Children's Environments
Vol. 11 No. 1 (1994)

Children in Time and Place: Developmental and Historical Insights

Elder, Glen, Jr. and Modell, John and Parke, Ross D. (eds.) (1993).
New York and Cambridge: Cambridge University Press; 289 pages. $23.00. ISBN 0521417848.


Paradigm shifts in the social sciences have left us with the sobering realization that none of us has complete purchase on reality. We can only hope for successively better approximations to truth. It is in this spirit, rather than simply adding to the list of contextual variables for inclusion in analyses, that this book should be read.

Edited volumes offer a forum for presentation of ideas for which professional journals often do not allow. Children in Time and Place focuses on a conceptual and methodological problem: psychology has seldom acknowledged that human activity takes place in particular historical circumstances. There are a number of implications, for example, just as the universality of psychological processes cannot be assumed across cultures, neither can it be assumed across historical periods. Furthermore, it must be recognized that formal theories, as well as folk theories, are generated in a historical context. Also, by implication, history helps put contemporary sensibilities, social trends and scientific theories in perspective.

This type of inquiry is, of course, not entirely new. Ironically, this volume neglects its own historical context, or rather reconstructs it in terms of contemporary contextualism. Yet in the mid-1970s, lifespan developmental psychologists were concerned with cohort effects and, as the late Klaus Riegel so aptly put it in the title of an edited volume of that era, “the changing individual in a changing world.” Cohort analysis has proved to be a fruitful heuristic for data analysis; the critique of the context of psychological research and the “subjects” it seeks to measure is a precursor (albeit in a different lineage) to more recent work from a deconstructivist perspective. Yet the contributions I of lifespan developmentalists, which are still provocative and should perhaps be more widely used in developmental studies, are by no means the last word. Consequently, review of the current volume must focus on how successfully the current authors have “pushed the envelope” of inquiry.

As Joachim Woh pointed out regarding “age” as a psychological variable, “history” and “culture” may also be considered marker variables. The meaning of a difference on some measure between members of two cultures or historical eras may be due to contrasting social organizations, cultural practices, belief systems or symbolic representations; most likely the compounded effect of them all. This is where Children in Time and Place goes beyond the earlier lifespan literature. The volume attempts to bring the sensitivities of the best thinking about culture and the ecology of human development to bear on historical differences, while also reflecting uniquely historical sensitivities. It represents the culmination of approximately six years of interdisciplinary work between social historians and developmental psychologists concerned with change across the lifespan.

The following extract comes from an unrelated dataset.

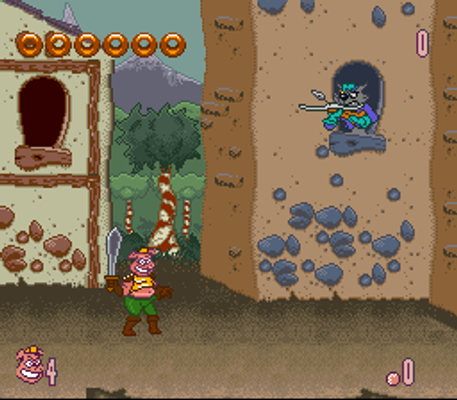 The player is put in the role of Bruno, an anthropomorphic pig who has the task to defend his land which is currently under siege by wolves. Bruno comes equipped with a sword and the ability to throw donuts that he finds throughout the six levels of the game. Bruno also has the ability to jump and to also butt slam crates. No description of this game would be complete without mentioning the blowholes which are liberally sprinkled throughout each level. These blowholes will lift Bruno in the air so that he will be able to get to higher plateaus that he simply couldn't get to by just jumping normally.

That the contributions vary widely in how they pursue their task may be unsettling to those who seek an “answer” about how to integrate historical and developmental psychological inquiry. Each reader will undoubtedly like some analyses better than others, perhaps as the disciplinary balance varies. For example, Parke and Stearn's analysis of fathers and child rearing relies heavily on familiar psychological research. Yet considering these data in relation to historical evidence forces us to reassess our expectations and offers challenges to future research. Other chapters present methodological hybrids, weaving together data collected in different ways from vastly different times and locales. For example, Schlossman and Cairns focus on problem girls from Los Angeles in the 1950s and North Carolina in the 1980s to glean insight into change and continuity in frequency, types of offences, expectations of behavior and patterns of social intervention.

A unique strength of this volume is the extent to which it is self-reflective- the final third of the book provides examination of the challenge set and the process of working in an interdisciplinary manner, as well as a meta-critique of the topical treatments in terms of their uses of history.

The editors included tough and thoughtful comments by historian Michael Zuckerman. In questioning the success of the enterprise, he alludes to the possible incommensurability of positivistic social science and the various forms of post-positivistic exegisis. Zuckerman cites the differing values inherent in the psychologist's search for general patterns and the historian's penchant for the particularism which is necessary to capture what it was like to grow up at a specific time in a certain community. Readers who have attempted the integration of qualitative and quantitative inquiry, as I have, will appreciate his concerns.

It is not surprising that well-established developmentalists represented in this volume have not capitulated to a hermeneutically-inclined historian. That they have faced the challenge to their favored modes of inquiry and encouraged further exploration bodes well for the future of the study of child development.